Commitments are also in place to replace all owned vehicles with electric alternatives by 2020 and Eurostar will work with suppliers to switch to electric refrigerated HGVs.

While the company can’t directly control energy consumption at stations due to ownership and infrastructure challenges, it currently sources around 25% of its energy needs from renewables across its entire network, with its Netherlands footprint covered entirely by renewables.

According to strategies outlined by the Committee on Climate Change for the UK Government’s net-zero climate target, UK woodland coverage will need to increase from 13% of land to 17% by 2050, but Cranshaw told edie that the tree planting wouldn’t be considered in Eurostar’s carbon accounting.

Rather, it is a way to engage with customers, to provide tangible proof that the company can offer an environmentally conscious, low-carbon form of travel into Europe.

Indeed, chief executive Cooper reiterates that there isn’t an internal business benefit to rollout tree planting, but rather it created “a way to present sustainability to the customer”.

“We offer something airlines can’t and we’ve got a radical agenda for sustainability to deliver,” Cooper adds. “We can layer tree planting on top of that and the combination starts to differentiate us in terms of our market offer and culturally in terms of our people.”

Plastic-free journeys

Another way that Eurostar will engage with customers is through the use of its onboard products.
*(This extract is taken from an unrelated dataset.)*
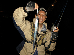 シーバス・太刀魚・アジ・エソ・ダツの二人で五目達成。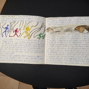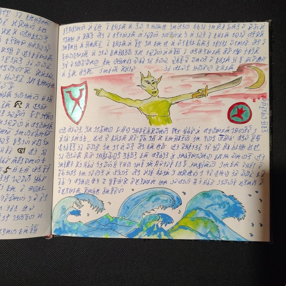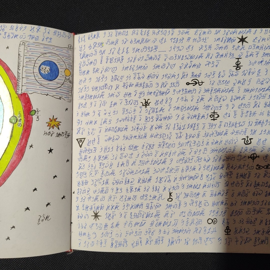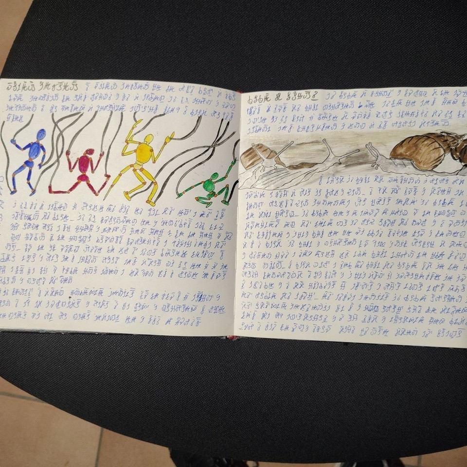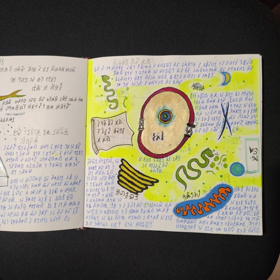 A manuscript book of unknown, non-ancient origin, written entirely in an indecipherable language composed of symbols, signs, and words. The pages feature colorful illustrations, diagrams, and visually striking figures.

The high-speed rail service has pledged to halve the amount of plastic it uses over the next two years and is phasing-out plastic water bottles from its business lounges during 2019 – a move that will reduce the organisation’s plastics footprint by more than 100,000 bottles annually.

The plastic-free journey featured wooden cutlery, recyclable cans of water, glass wine bottles, alternative paper-based coffee cups and environmentally friendly packaging for food served to customers and Cranshaw notes that there have been challenges to overcome that relate back to the carbon intensity of the business.

“We’re meeting with on-board services teams, catering and suppliers every two weeks to think about our approach to plastics, and the end of life disposal,” Cranshaw says. “We look across the whole lifecycle to make sure we don’t have any unintended consequences.

“It would’ve been really easy for us to switch everything to glass on day two, but we always wanted to think about the consequences of our carbon footprint and disposal, so it’s taken time to find some alternatives in some areas.”

The ongoing plastics phase-out, along with the fact that Eurostar has now been awarded the highest three-star rating from the Sustainable Restaurant Association (SRA) for onboard catering, are just two ways that the company can present itself as sustainably to the ever-more eco-conscious travellers of today.

The company realises that it is time to strengthen the trust it has with its customers and believes that sustainability is the cornerstone to do so.

 “You need to demonstrate incrementally how you’re changing,” Cooper summarises. “For us its changing and reducing how we use plastics. We’ve made huge inroads, but I think customers are respectful and realise there is no magic wand we can wave overnight to get this done.

“With every decision we make there’s a trade-off, and people mostly understand that and are sympathetic to what we do. I think if it comes across as naked commercialism or greenwashing, then I can understand the lack of trust, but we’ve got a legacy of demonstrable improvements and intent and that’s how we know we’re genuine.”